Input data:

━━━━━━━━━━━━━━━━

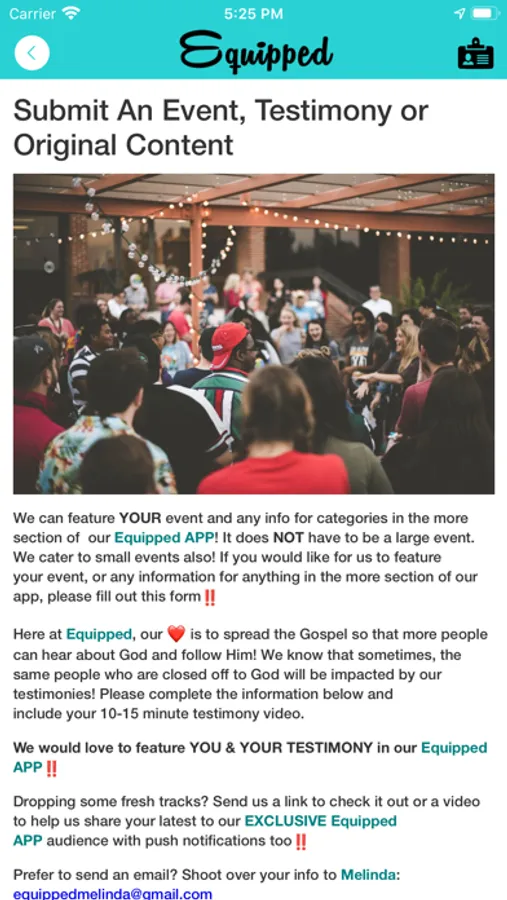 Our app is easy. Download, click on your city and the events pop up! Each event shows "who, what, when, where and how! Our hope is to get people up, out and helping around the world! Download our app and get EQUIPPED!
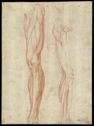 | Keywords: The muscles of the left leg, seen from the front, and the bones and muscles of the right leg seen in right profile, and between them, a patella. Drawing by Michelangelo Buonarroti, ca. 1515-1520. WDL3249.png Artwork ru Буона отти икеланджело 1475-1564 fr Buonarroti Michel-Ange 1475-1564 en Buonarroti Michelangelo 1475-1564 zh 博那罗蒂 米 基罗 1475-1564 pt Buonarroti Michelangelo 1475-1564 ar بوناروتي مايكلانجيلو 1475-1564 es Buonarroti Michelangelo 1475-1564 ru ускулы левой ноги вид спе еди и кости и мускулы п авой ноги вид сп ава а между ними - коленная чашечка Рисунок икеланджело Буона отти около 1515-1520 гг fr Les muscles de la jambe gauche vus de face et les os et muscles de la jambe droite vus de profil et entre eux une rotule Dessin de Michelangelo Buonarroti vers 1515-1520 en The muscles of the left leg seen from the front and the bones and muscles of the right leg seen in right profile and between them a patella Drawing by Michelangelo Buonarroti ca 1515-1520 zh 正 的左腿肌肉,右侧 的右腿骨骼和肌肉,及其中间的 个 盖骨 由米 基罗·博那罗蒂绘制,约 1515-1520 年 pt Os músculos da perna esquerda vistos de frente e os ossos e os músculos da perna direita vistos em perfil direito e entre eles a rótula Desenho por Michelangelo Buonarroti cerca de 1515-1520 ar عضلات الساق اليسرى، كما تبدو من الأمام، وعظام وعضلات الساق اليمنى كما تبدو من الجانب الأيمن، وفي وسطهما رضفة رسم مايكلانجيلو بوناروتي، حوالي 1515-1520 ru Эти исунки ноги человека были выполнены художником икеланджело Буана отти 1475-1564 гг кото ый занимался изучением анатомии человека согласно данным его самых анних биог афов Васа и 1550 г и Кондиви 1553 г Согласно имеющимся данным икеланджело впе вые п епа и овал т уп человека во Фло енции около 1495 года когда он получил заказ на создание аспятия для це кви Санто-Спи ито Це ковь Святого Духа астоятель этой це кви п едоставил ему помещение в кото ом он мог п епа и овать т уп для того чтобы он мог еалистично пе едать в скульпту е мускулы уми ающего на к есте Х иста Согласно имеющимся данным в последний аз икеланджело п епа и овал т уп в Риме в 1548 году Подобные изучения анатомии человека были источником полезной инфо мации для аботы икеланджело над своим типичным п едметом обнаженным мужским телом и мускулату ой в движении Рисунок слева - вид спе еди левого бед а и ноги; на нем тщательно п о исованы все основные мускулы в конту ном виде а затем зашт ихованы чтобы подче кнуть их фо му Ок углая и конусооб азная фо ма мускулов четко п о исована художником; он также тщательно отоб азил пе еплетение мышц между собой а исунке сп ава п едставлен вид сбоку тех же частей тела после того как мышечная ткань была удалена из пе едней части ноги Данные исунки были пода ены библиотеке Веллкома в 1980 году в память о докто е Робе те Хелле е и Анне Хелле <br>Рисунки мелом; Анатомия человека; Скелет человека; ога; ускулы fr Ces dessins de jambe humaine sont dûs à l'artiste Michelangelo Buonarroti 1475-1564 dont les études d'anatomie sont attestées par ses premiers biographes Vasari 1550 et Condivi 1553 On dit que Michel-Ange disséqua son premier cadavre à Florence vers 1495 après avoir été chargé de sculpter un crucifix en bois pour l'église de Santo Spirito Le prieur de l'église mit à sa disposition des locaux dans lesquels il put grâce à la dissection travailler à rendre de façon convaincante les muscles du Christ mourant La dernière dissection qu'on l'a vu pratiquer eut lieu à Rome en 1548 De telles études étaient particulièrement adaptées à son thème de prédilection le nu masculin et la distorsion de mouvement Le dessin de gauche est une vue frontale ou antérieure d'une cuisse et d'une jambe gauches sur laquelle les contours de chacun des muscles principaux sont dessinés puis hachurés en diagonale pour souligner leur forme La forme bombée et fuselée des muscles est clairement mise en valeur par le dessin tout comme leur entremêlement compact Le dessin de droite représente une vue latérale de la même structure après que les muscles aient été retirés de la partie avant du membre Cette œuvre a été offerte à la Bibliothèque Wellcome en 1980 en mémoire du Dr Robert Heller et de Mme Anne Heller <br>Dessins à la craie; Anatomie humaine; Squelette humain; Jambe; Muscles en These drawings of the human leg are by the artist Michelangelo Buonarroti 1475-1564 whose studies of anatomy are recorded by his earliest biographers Vasari 1550 and Condivi 1553 Michelangelo reportedly first dissected a cadaver in Florence around 1495 after he h
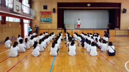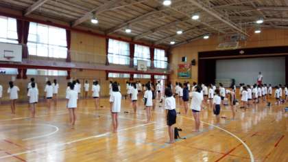 まずは、体育館に集合、ラジオ体操、忘れ物点検です。
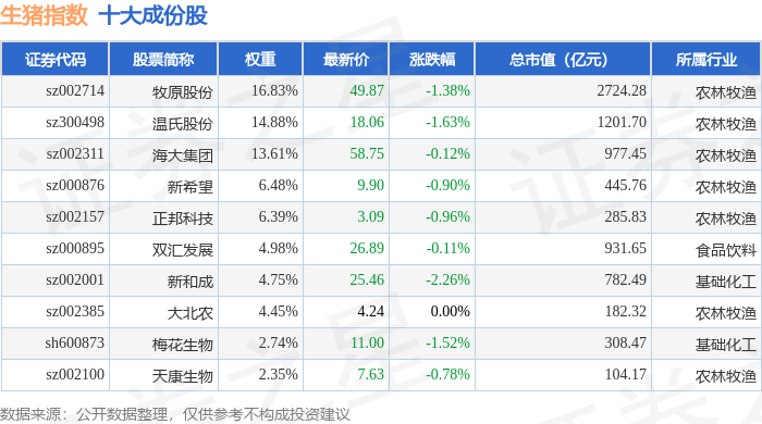 资金流向方面,生猪指数(980073)成份股当日主力资金净流出合计3.13亿元,游资资金净流入合计2.12亿元,散户资金净流入合计1.01亿元。成份股资金流向详情见下表:

━━━━━━━━━━━━━━━━

This exercise calls for the complete listing, returned exactly and without images.

Written response:
 Our app is easy. Download, click on your city and the events pop up! Each event shows "who, what, when, where and how! Our hope is to get people up, out and helping around the world! Download our app and get EQUIPPED!
 | Keywords: The muscles of the left leg, seen from the front, and the bones and muscles of the right leg seen in right profile, and between them, a patella. Drawing by Michelangelo Buonarroti, ca. 1515-1520. WDL3249.png Artwork ru Буона отти икеланджело 1475-1564 fr Buonarroti Michel-Ange 1475-1564 en Buonarroti Michelangelo 1475-1564 zh 博那罗蒂 米 基罗 1475-1564 pt Buonarroti Michelangelo 1475-1564 ar بوناروتي مايكلانجيلو 1475-1564 es Buonarroti Michelangelo 1475-1564 ru ускулы левой ноги вид спе еди и кости и мускулы п авой ноги вид сп ава а между ними - коленная чашечка Рисунок икеланджело Буона отти около 1515-1520 гг fr Les muscles de la jambe gauche vus de face et les os et muscles de la jambe droite vus de profil et entre eux une rotule Dessin de Michelangelo Buonarroti vers 1515-1520 en The muscles of the left leg seen from the front and the bones and muscles of the right leg seen in right profile and between them a patella Drawing by Michelangelo Buonarroti ca 1515-1520 zh 正 的左腿肌肉,右侧 的右腿骨骼和肌肉,及其中间的 个 盖骨 由米 基罗·博那罗蒂绘制,约 1515-1520 年 pt Os músculos da perna esquerda vistos de frente e os ossos e os músculos da perna direita vistos em perfil direito e entre eles a rótula Desenho por Michelangelo Buonarroti cerca de 1515-1520 ar عضلات الساق اليسرى، كما تبدو من الأمام، وعظام وعضلات الساق اليمنى كما تبدو من الجانب الأيمن، وفي وسطهما رضفة رسم مايكلانجيلو بوناروتي، حوالي 1515-1520 ru Эти исунки ноги человека были выполнены художником икеланджело Буана отти 1475-1564 гг кото ый занимался изучением анатомии человека согласно данным его самых анних биог афов Васа и 1550 г и Кондиви 1553 г Согласно имеющимся данным икеланджело впе вые п епа и овал т уп человека во Фло енции около 1495 года когда он получил заказ на создание аспятия для це кви Санто-Спи ито Це ковь Святого Духа астоятель этой це кви п едоставил ему помещение в кото ом он мог п епа и овать т уп для того чтобы он мог еалистично пе едать в скульпту е мускулы уми ающего на к есте Х иста Согласно имеющимся данным в последний аз икеланджело п епа и овал т уп в Риме в 1548 году Подобные изучения анатомии человека были источником полезной инфо мации для аботы икеланджело над своим типичным п едметом обнаженным мужским телом и мускулату ой в движении Рисунок слева - вид спе еди левого бед а и ноги; на нем тщательно п о исованы все основные мускулы в конту ном виде а затем зашт ихованы чтобы подче кнуть их фо му Ок углая и конусооб азная фо ма мускулов четко п о исована художником; он также тщательно отоб азил пе еплетение мышц между собой а исунке сп ава п едставлен вид сбоку тех же частей тела после того как мышечная ткань была удалена из пе едней части ноги Данные исунки были пода ены библиотеке Веллкома в 1980 году в память о докто е Робе те Хелле е и Анне Хелле <br>Рисунки мелом; Анатомия человека; Скелет человека; ога; ускулы fr Ces dessins de jambe humaine sont dûs à l'artiste Michelangelo Buonarroti 1475-1564 dont les études d'anatomie sont attestées par ses premiers biographes Vasari 1550 et Condivi 1553 On dit que Michel-Ange disséqua son premier cadavre à Florence vers 1495 après avoir été chargé de sculpter un crucifix en bois pour l'église de Santo Spirito Le prieur de l'église mit à sa disposition des locaux dans lesquels il put grâce à la dissection travailler à rendre de façon convaincante les muscles du Christ mourant La dernière dissection qu'on l'a vu pratiquer eut lieu à Rome en 1548 De telles études étaient particulièrement adaptées à son thème de prédilection le nu masculin et la distorsion de mouvement Le dessin de gauche est une vue frontale ou antérieure d'une cuisse et d'une jambe gauches sur laquelle les contours de chacun des muscles principaux sont dessinés puis hachurés en diagonale pour souligner leur forme La forme bombée et fuselée des muscles est clairement mise en valeur par le dessin tout comme leur entremêlement compact Le dessin de droite représente une vue latérale de la même structure après que les muscles aient été retirés de la partie avant du membre Cette œuvre a été offerte à la Bibliothèque Wellcome en 1980 en mémoire du Dr Robert Heller et de Mme Anne Heller <br>Dessins à la craie; Anatomie humaine; Squelette humain; Jambe; Muscles en These drawings of the human leg are by the artist Michelangelo Buonarroti 1475-1564 whose studies of anatomy are recorded by his earliest biographers Vasari 1550 and Condivi 1553 Michelangelo reportedly first dissected a cadaver in Florence around 1495 after he h
 まずは、体育館に集合、ラジオ体操、忘れ物点検です。
 资金流向方面,生猪指数(980073)成份股当日主力资金净流出合计3.13亿元,游资资金净流入合计2.12亿元,散户资金净流入合计1.01亿元。成份股资金流向详情见下表:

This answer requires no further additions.